Replace <your-ngc-api-key> with your actual NGC API key.

Step 3: Create a custom values file

Create a custom values file with your NGC API key:

sed -E 's/ \&ngc-api-key changeme/ \&ngc-api-key '$NGC_API_KEY'/' \
  exploit-iq-models/values.yaml > \
  exploit-iq-models/custom-values.yaml

Step 4: Configure tolerations (if needed)

If your cluster has GPU nodes with taints, you must configure tolerations in your custom values file. Edit custom-values.yaml and uncomment the toleration sections for each component as shown in the file comments.

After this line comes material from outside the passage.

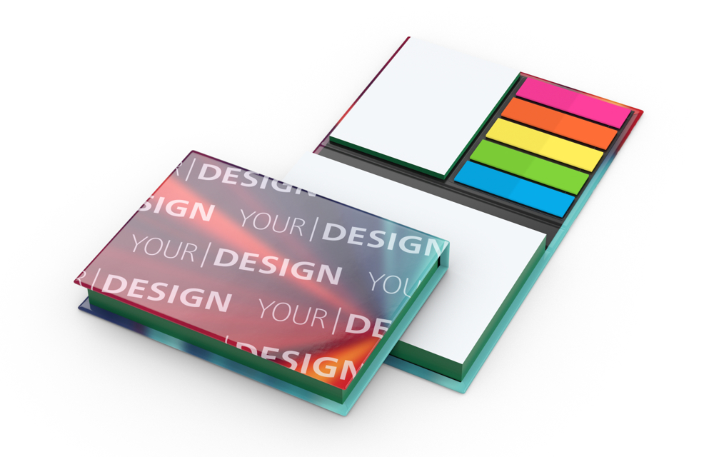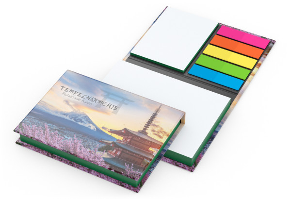 Das Kombi-Set Wien Bestseller mit Farbschnitt kombiniert exklusives Design mit praktischen Funktionen. Mit Farbschnitt, zwei Haftnotiz-Blöcke, einem Haftmarker-Set und einem individuell bedruckbaren Umschlag ist es die ideale Wahl für hochwertige und kreative Werbemittel.

Example for nodes with nvidia.com/gpu taint:

llama3_1_70b_instruct_4bit:
  tolerations:
    - key: "nvidia.com/gpu"
      operator: "Exists"
      effect: "NoSchedule"

nim-embed:
  tolerations:
    - key: "nvidia.com/gpu"
      operator: "Exists"
      effect: "NoSchedule"

Step 5: Deploy the chart

Important: You cannot deploy both LLMs simultaneously. Choose one of the following deployment options:

Option A: Deploy with Llama 3.1 70B (default)

helm upgrade --install exploit-iq-models \
  exploit-iq-models/ \
  -f exploit-iq-models/custom-values.yaml

Option B: Deploy with NIM Llama 3.1 8B

helm upgrade --install exploit-iq-models \
  exploit-iq-models/ \
  -f exploit-iq-models/custom-values.yaml \
  --set llama3_1_70b_instruct_4bit.enabled=false \
  --set nim_llm.enabled=true

Attempting to deploy both LLMs results in an error:

Error: INSTALLATION FAILED: execution error at (exploit-iq-models/templates/configmap.yaml:6:3):
Only one of models should be deployed!, either llama3_1_70b_instruct_4bit or nim_llm 8b, but not both!

Verification

Wait for pods to be ready

Wait for the LLM pod to be ready (this can take several minutes as the model downloads):

oc wait --for=condition=ready pod -l component=llama3.1-70b-instruct --timeout=1000s

Retrieve the route URL

Get the route URL for your deployment:

ROUTE_URL=$(oc get route llama3-1-70b-instruct-4bit -o jsonpath='{.spec.host}')
echo "Model endpoint: http://$ROUTE_URL"

Test the model

Send a test request to the model:

curl -X POST -H "Content-Type: application/json" \
  http://$ROUTE_URL/v1/chat/completions \
  -d @exploit-iq-models/files/70b-4bit-input-example.json | jq .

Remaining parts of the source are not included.